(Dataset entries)
╭──

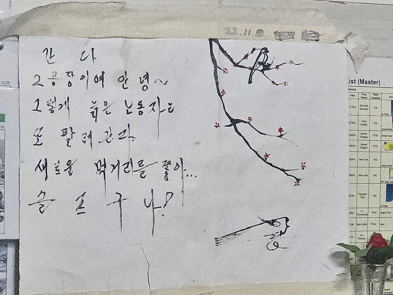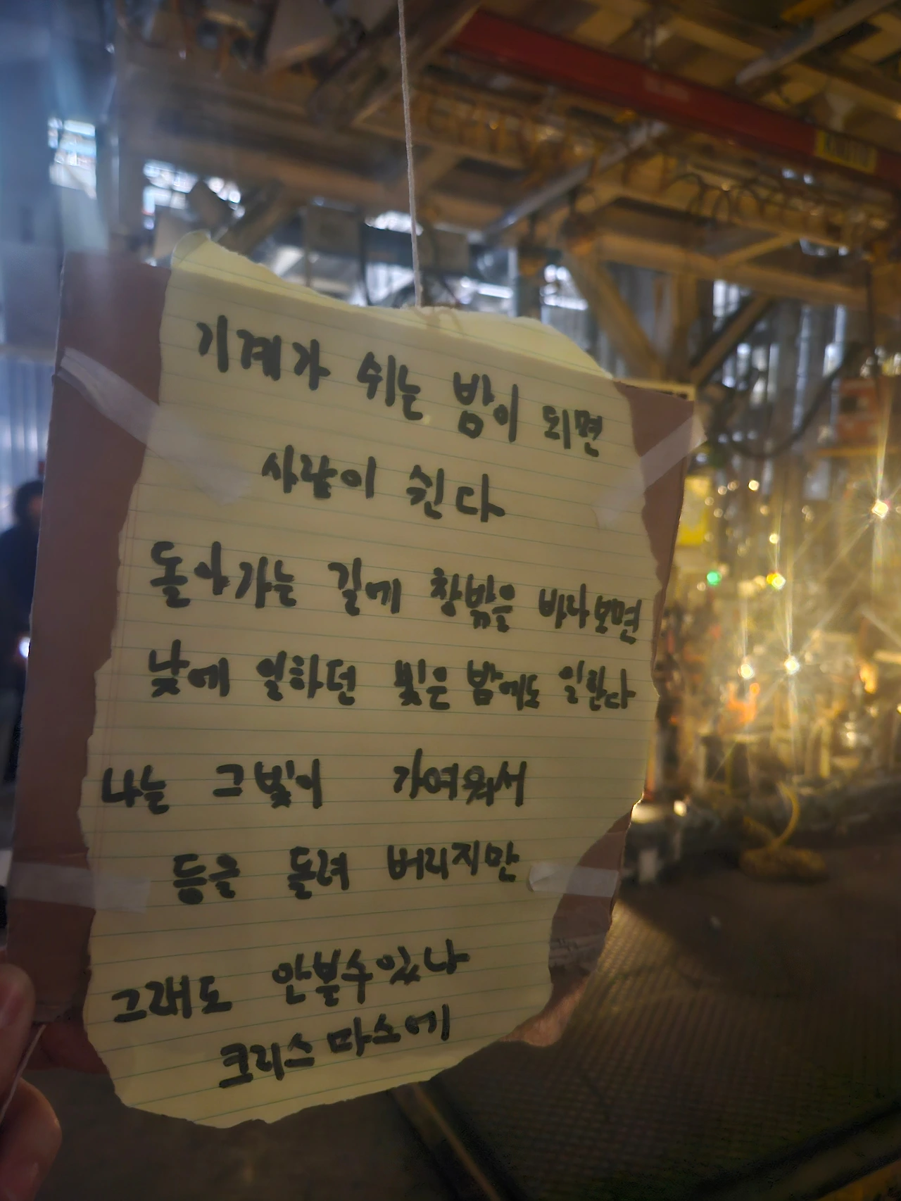 한때 노동자들의 휴게소였던 곳에 걸린 달력은 공장가동이 멈춘 2022년 11월에 멈춰 있었다. 그 옆에 노동자가 직접 그린 그림과 시가 걸려 있었는데 내용이 심금을 울렸다. 공장은 노조가 강력 반발하고 있지만 내년 상반기에 매각될 거라고 한다. 자동차 생산과 판매가 아닌 부동산 매각으로 수익을 창출하려는 움직임이 있어왔지만 부디 새로운 주인을 만나 계속 자동차가 생산되는 공간으로 남아있기를 간절히 바라며 부평을 떠났다.
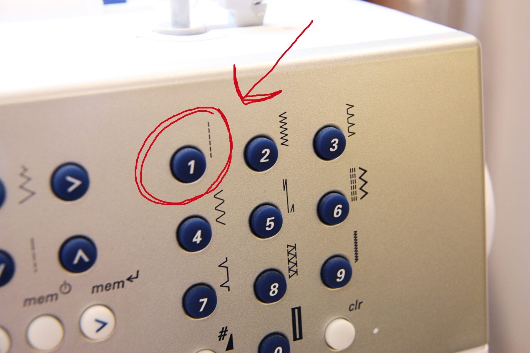 And at first, make sure that you are on the “straight stitch” setting.
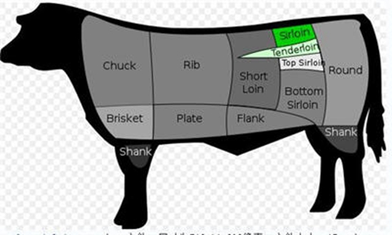 这两个部分在美国英国等地叫法不同,或者翻译成沙朗牛排或者西冷牛排。
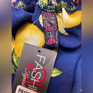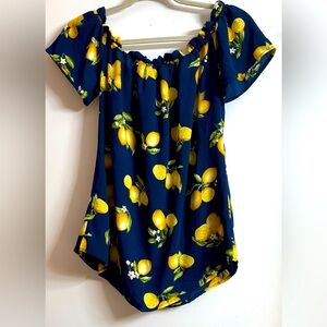Fashion signature 2U Lemon Print Milkmaid Top Womens Blue Rockabilly Retro. Sz L
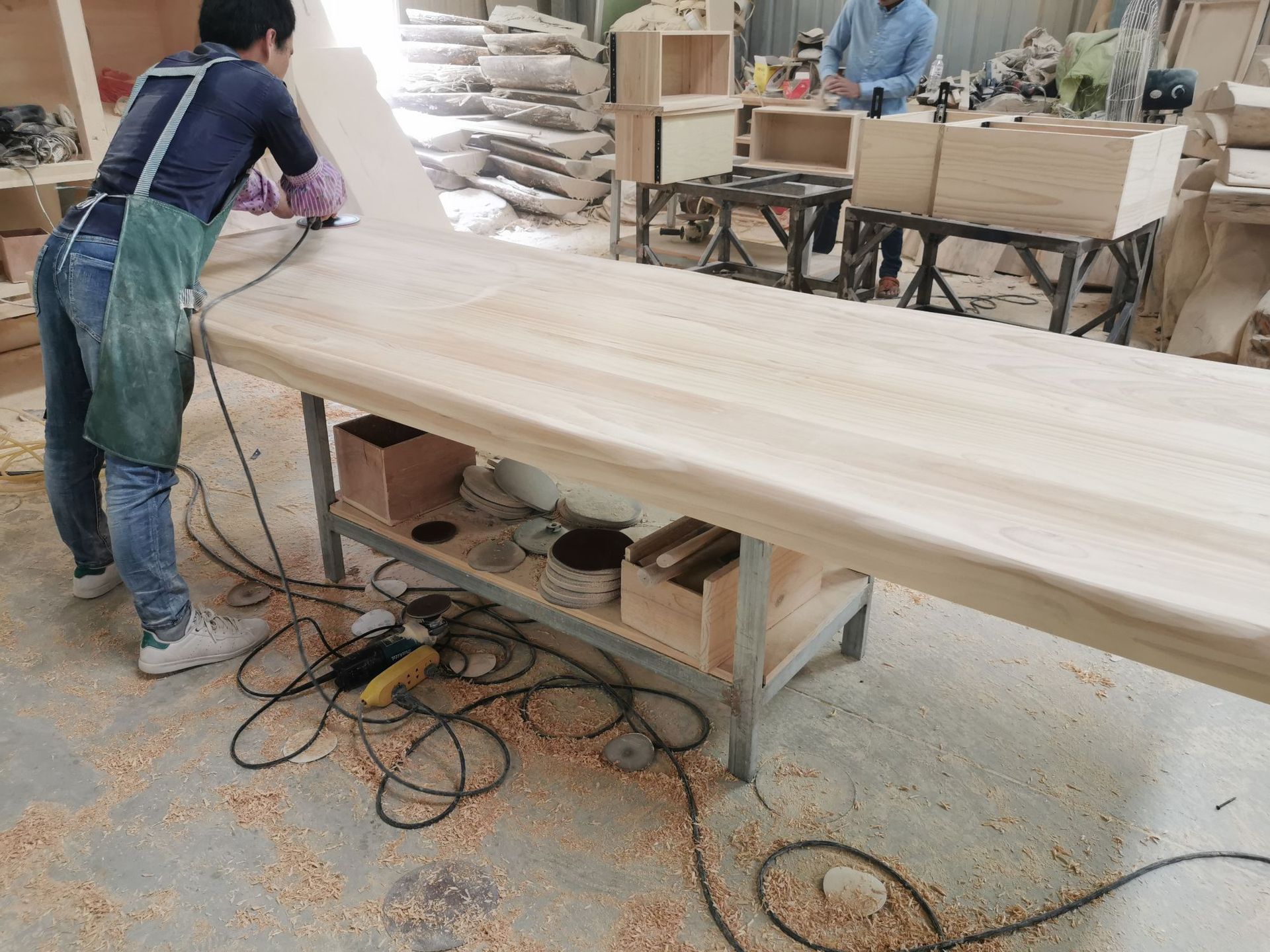 天縦アメリカ式実木会議テーブル長テーブル職員デスクスタッフ業務接待相談トレーニングテーブル作業台
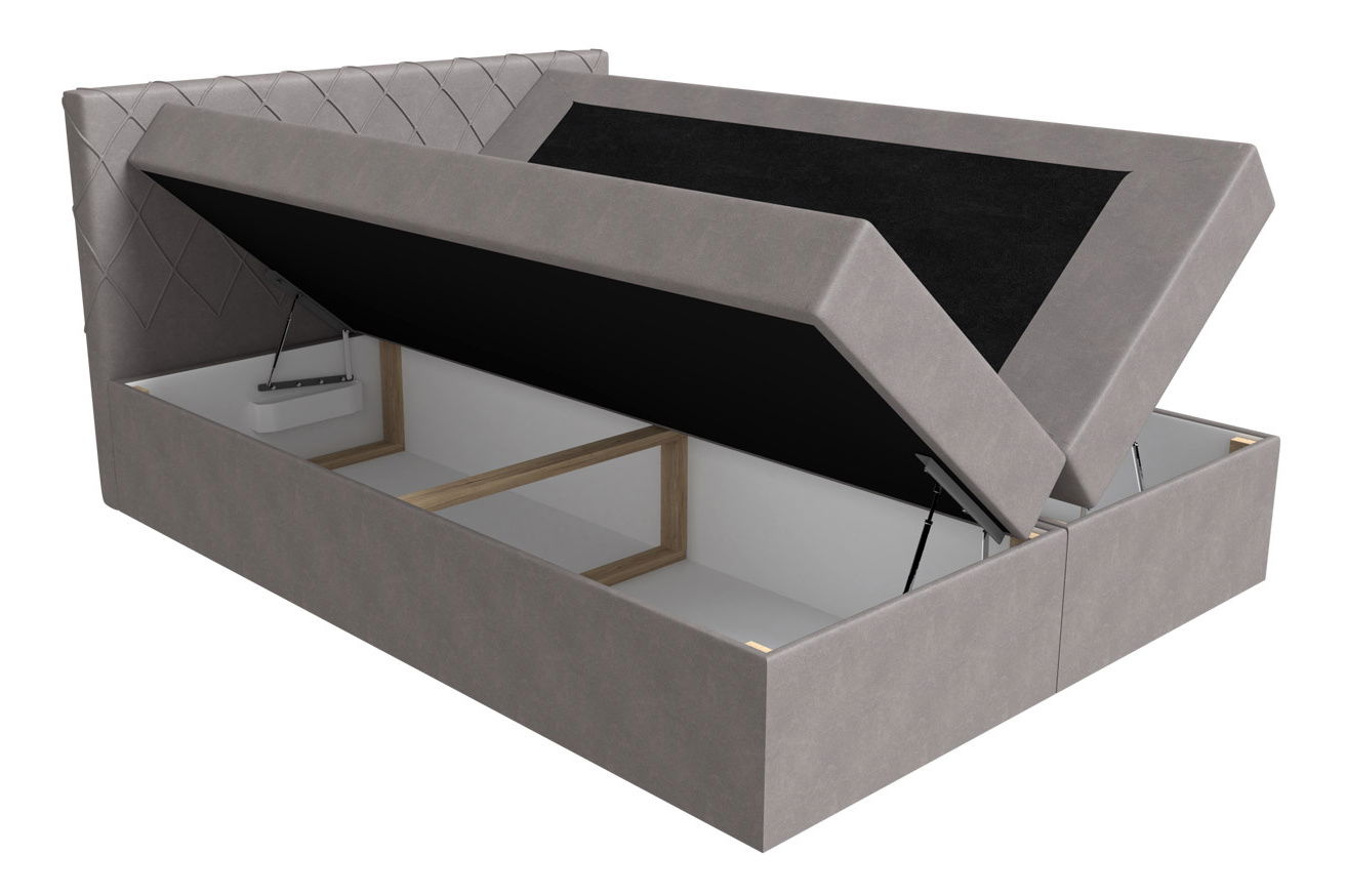 má dva kontajnery na posteľnú bielizeň - posteľ s dvoma nádobami na posteľnú bielizeň ako štandard, na oboch stranách postele, zdvíhanie obidvoch častí vďaka pružinám, čo robí obsluhu veľmi jednoduchou a ľahkou,
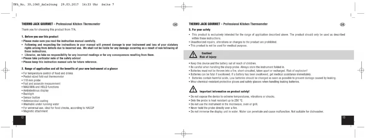 30.1060.05 - Thermometer TFA - Free user manual and instructions
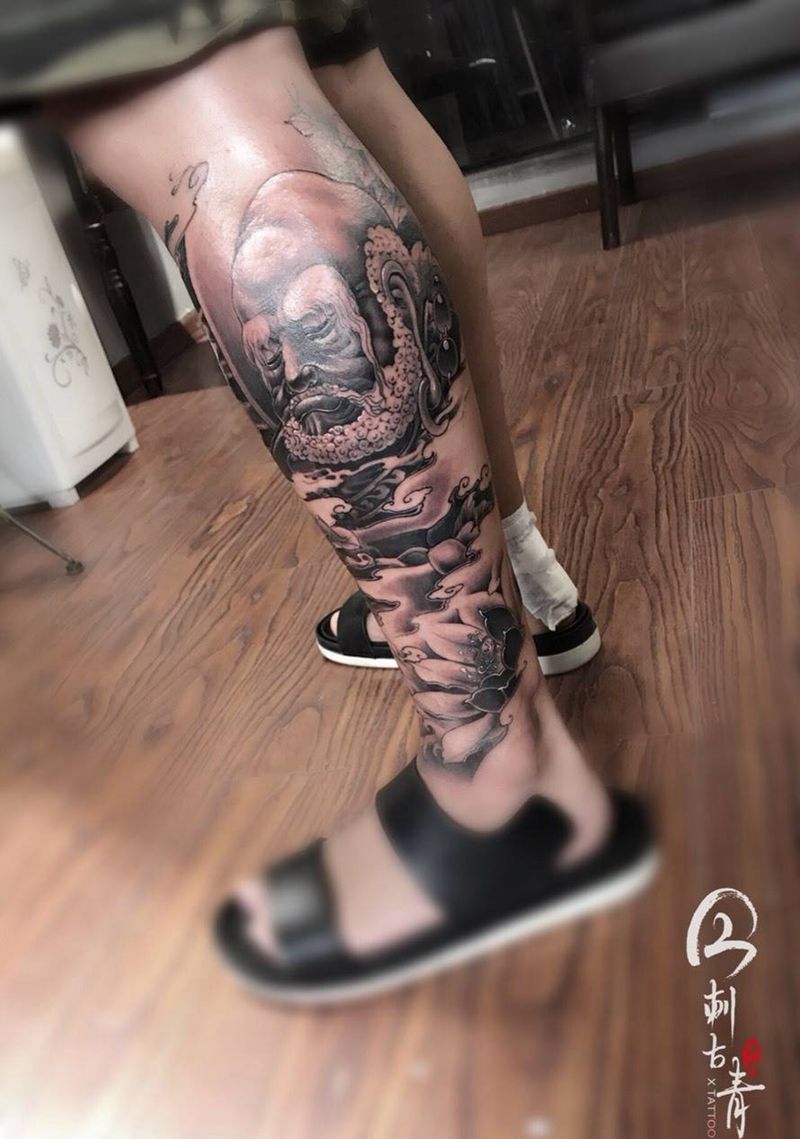 达摩老祖纹身图片_腿部脚部新传统纹身图案
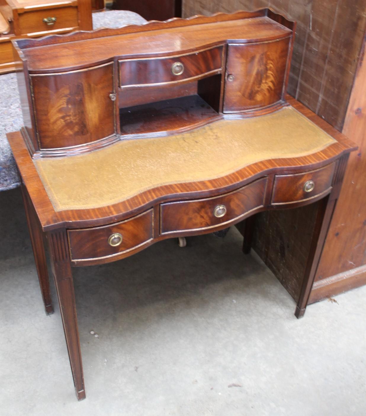 1960s Ladies Mahogany Desk with Green Leather Inset. Nice Shape
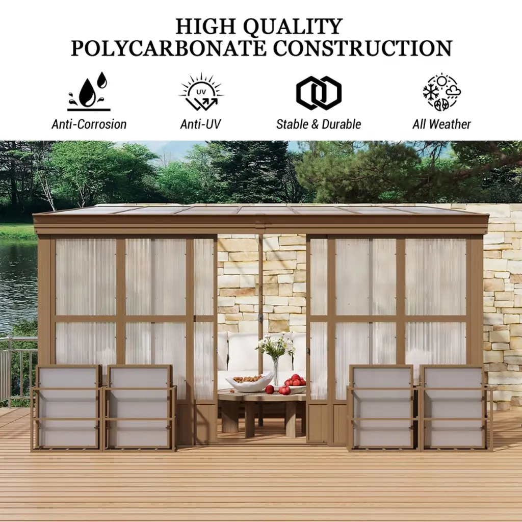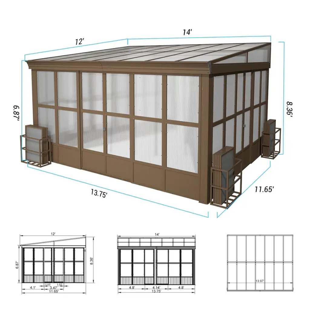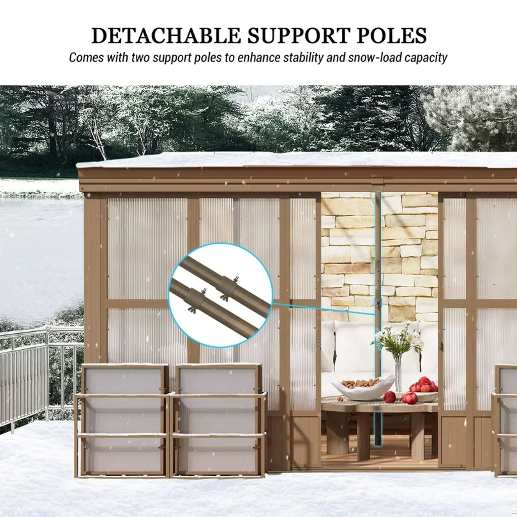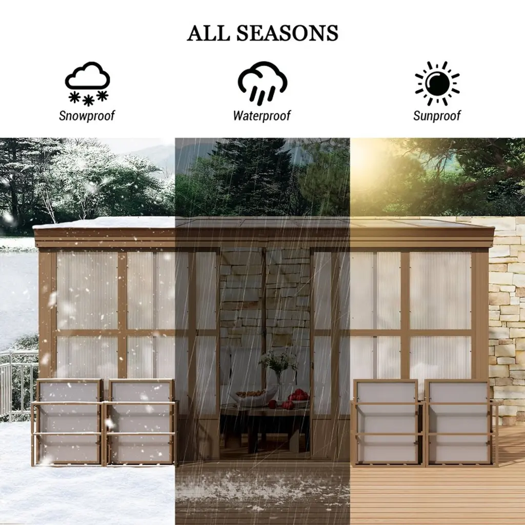 Transform your outdoor space with our spacious wall-mounted sunroom. Featuring a sturdy aluminum frame and a UV-treated polycarbonate roof, it provides comfort and protection. Enjoy seamless indoor-outdoor integration with sliding doors, enhanced privacy with detachable screens, and excellent ventilation with breathable mesh screens.
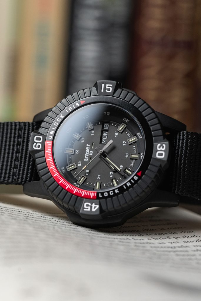 V letošním roce Traser představuje hned dvě převratné inovace se speciální edicí Traser P99 Iris Tactical Nato, limitovanou na 300 kusů. Kombinace světelných zdrojů nové generace Super Powered trigalights a uzavíratelné irisové clony zajišťuje optimální čitelnost s absolutní kontrolou nad luminiscencí. Obě tato patentovaná řešení jsou švýcarské výroby a jsou výsledkem dlouholetého vývoje. Stálé světelné zdroje umožňují spolehlivé zobrazení času i v dlouhotrvající tmě.
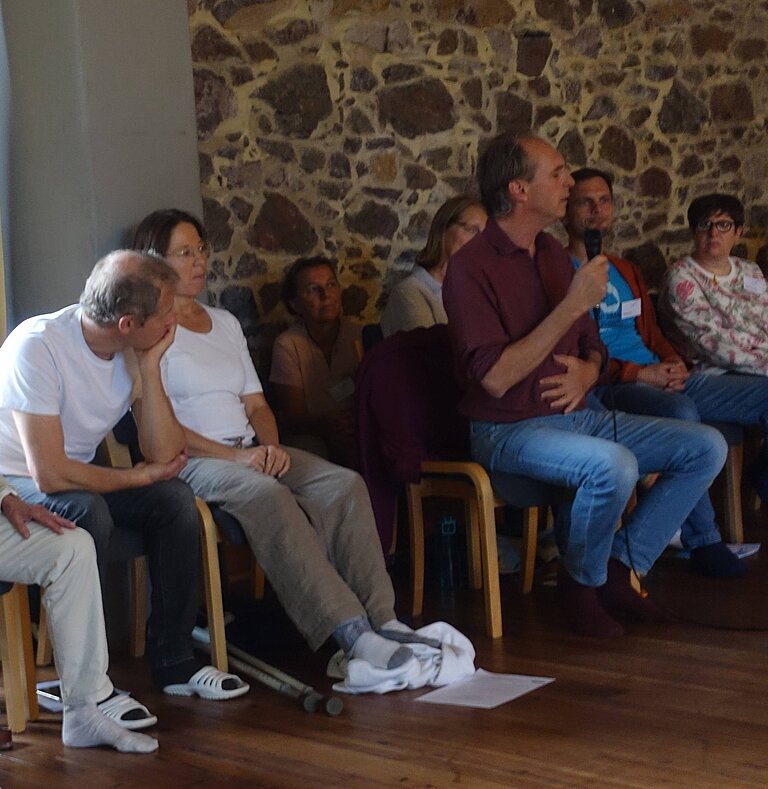 - Mir hat besonders der Austausch miteinander Freude gemacht – Austausch auf Augenhöhe - sehr schönes Miteinander, harmonisch und abwechslungsreich – besonders war die Offenheit und Zugewandtheit der Teilnehmer, die Offenheit und Stimmung, der Gruppenraum war wunderbar
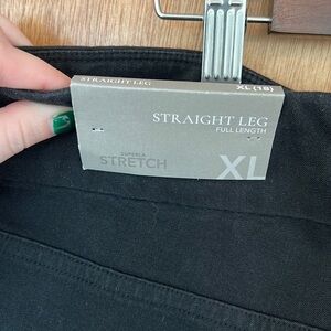 NWT Soft Surroundings Superla Pull On Straight Leg Pants. Women’s size XL (18). In the color Black. No visible flaws. Stretchy waistband. Front and back pockets. Made of a cotton blend.
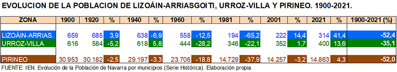 La población de Lizoáin-Arriasgoiti y de Urroz -Villa. Todo este proceso de transformación social en Urroz-Villa y en Lizoáin-Arriasgoiti desde la segunda mitad del S. XX queda reflejado en el paisaje humano que exponen los principales indicadores de población en ambos municipios y que denotan algunas similitudes y varias diferencias entre ambos.
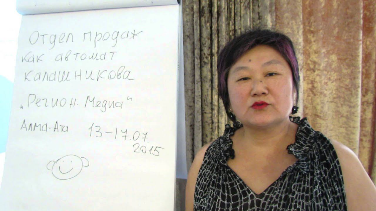 Здравствуйте, меня зовут Наталья Ацхай. Я директор филиала «Регион-Медиа» в городе Кустанай. Мне посчастливилось участвовать в замечательном семинаре, проведенном Алексеем Урванцевым. И вы знаете, самое интересное, что мне удалось почувствовать себя генералом вооруженной армии, но эта армия направлена в мирных целях, то есть не против, а за своих любимых клиентов. То есть я почувствовала, что наша задача исконная, которая наша миссия, это помочь клиенту. Не то, чтобы почувствовала, наверное, прониклась этой мыслью интересной, что для клиента мы должны были сделать все, даже, наверное, что-то невозможное. Еще, что мне очень понравилось, что меня затронуло – это работа с кадрами. То есть и кадровые конкурсы, и все относительно кадров, потому что это очень трудный момент в работе любого руководителя, и в частности, у нас, в Кустанае. Поэтому, я вам очень благодарна, Алексей, желаю вам удачи, желаю вам очень хороших и вдумчивых слушателей и, в принципе, всего самого доброго в жизни. Наталья Ацхай/«Регион-Медиа» https://youtu.be/pl8K8nOty1s
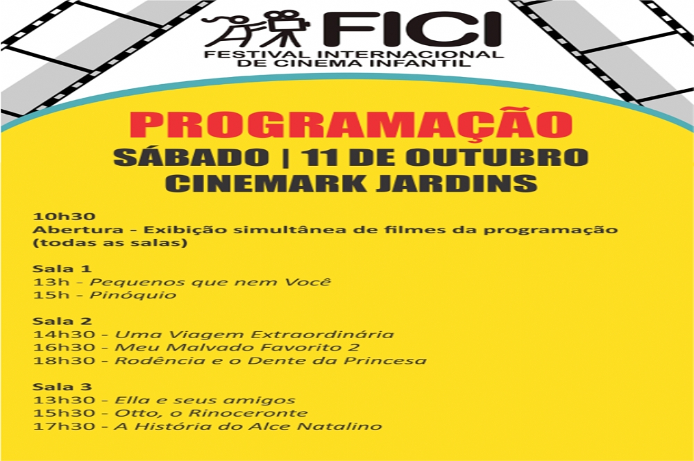 Um sábado,11, especial para as crianças. Com programação que vai de cinema a esportes. Hoje, às 10h30 tem a abertura do Festival Internacional de Cinema Infantil (FICI) no Cinemark Jardins. Uma festa com sessões simultâneas em nove salas do cinema, além de oficinas, palhaços pernas de pau e muita alegria. À tarde, o Cinemark Jardins, onde toda a programação do Festival acontece, continua a exibir filmes sensacionais com meia-entrada (R$ 7) para todos. O FICI ocorre até o dia 19 de outubro com sessões abertas ao público geral às sextas, sábados e domingos. Confira a programação.

╰──

- Task to carry out
Exact copy, no pictures: return the entries word for word.

- Expected output
 한때 노동자들의 휴게소였던 곳에 걸린 달력은 공장가동이 멈춘 2022년 11월에 멈춰 있었다. 그 옆에 노동자가 직접 그린 그림과 시가 걸려 있었는데 내용이 심금을 울렸다. 공장은 노조가 강력 반발하고 있지만 내년 상반기에 매각될 거라고 한다. 자동차 생산과 판매가 아닌 부동산 매각으로 수익을 창출하려는 움직임이 있어왔지만 부디 새로운 주인을 만나 계속 자동차가 생산되는 공간으로 남아있기를 간절히 바라며 부평을 떠났다.
 And at first, make sure that you are on the “straight stitch” setting.
 这两个部分在美国英国等地叫法不同,或者翻译成沙朗牛排或者西冷牛排。
Fashion signature 2U Lemon Print Milkmaid Top Womens Blue Rockabilly Retro. Sz L
 天縦アメリカ式実木会議テーブル長テーブル職員デスクスタッフ業務接待相談トレーニングテーブル作業台
 má dva kontajnery na posteľnú bielizeň - posteľ s dvoma nádobami na posteľnú bielizeň ako štandard, na oboch stranách postele, zdvíhanie obidvoch častí vďaka pružinám, čo robí obsluhu veľmi jednoduchou a ľahkou,
 30.1060.05 - Thermometer TFA - Free user manual and instructions
 达摩老祖纹身图片_腿部脚部新传统纹身图案
 1960s Ladies Mahogany Desk with Green Leather Inset. Nice Shape
 Transform your outdoor space with our spacious wall-mounted sunroom. Featuring a sturdy aluminum frame and a UV-treated polycarbonate roof, it provides comfort and protection. Enjoy seamless indoor-outdoor integration with sliding doors, enhanced privacy with detachable screens, and excellent ventilation with breathable mesh screens.
 V letošním roce Traser představuje hned dvě převratné inovace se speciální edicí Traser P99 Iris Tactical Nato, limitovanou na 300 kusů. Kombinace světelných zdrojů nové generace Super Powered trigalights a uzavíratelné irisové clony zajišťuje optimální čitelnost s absolutní kontrolou nad luminiscencí. Obě tato patentovaná řešení jsou švýcarské výroby a jsou výsledkem dlouholetého vývoje. Stálé světelné zdroje umožňují spolehlivé zobrazení času i v dlouhotrvající tmě.
 - Mir hat besonders der Austausch miteinander Freude gemacht – Austausch auf Augenhöhe - sehr schönes Miteinander, harmonisch und abwechslungsreich – besonders war die Offenheit und Zugewandtheit der Teilnehmer, die Offenheit und Stimmung, der Gruppenraum war wunderbar
 NWT Soft Surroundings Superla Pull On Straight Leg Pants. Women’s size XL (18). In the color Black. No visible flaws. Stretchy waistband. Front and back pockets. Made of a cotton blend.
 La población de Lizoáin-Arriasgoiti y de Urroz -Villa. Todo este proceso de transformación social en Urroz-Villa y en Lizoáin-Arriasgoiti desde la segunda mitad del S. XX queda reflejado en el paisaje humano que exponen los principales indicadores de población en ambos municipios y que denotan algunas similitudes y varias diferencias entre ambos.
 Здравствуйте, меня зовут Наталья Ацхай. Я директор филиала «Регион-Медиа» в городе Кустанай. Мне посчастливилось участвовать в замечательном семинаре, проведенном Алексеем Урванцевым. И вы знаете, самое интересное, что мне удалось почувствовать себя генералом вооруженной армии, но эта армия направлена в мирных целях, то есть не против, а за своих любимых клиентов. То есть я почувствовала, что наша задача исконная, которая наша миссия, это помочь клиенту. Не то, чтобы почувствовала, наверное, прониклась этой мыслью интересной, что для клиента мы должны были сделать все, даже, наверное, что-то невозможное. Еще, что мне очень понравилось, что меня затронуло – это работа с кадрами. То есть и кадровые конкурсы, и все относительно кадров, потому что это очень трудный момент в работе любого руководителя, и в частности, у нас, в Кустанае. Поэтому, я вам очень благодарна, Алексей, желаю вам удачи, желаю вам очень хороших и вдумчивых слушателей и, в принципе, всего самого доброго в жизни. Наталья Ацхай/«Регион-Медиа» https://youtu.be/pl8K8nOty1s
 Um sábado,11, especial para as crianças. Com programação que vai de cinema a esportes. Hoje, às 10h30 tem a abertura do Festival Internacional de Cinema Infantil (FICI) no Cinemark Jardins. Uma festa com sessões simultâneas em nove salas do cinema, além de oficinas, palhaços pernas de pau e muita alegria. À tarde, o Cinemark Jardins, onde toda a programação do Festival acontece, continua a exibir filmes sensacionais com meia-entrada (R$ 7) para todos. O FICI ocorre até o dia 19 de outubro com sessões abertas ao público geral às sextas, sábados e domingos. Confira a programação.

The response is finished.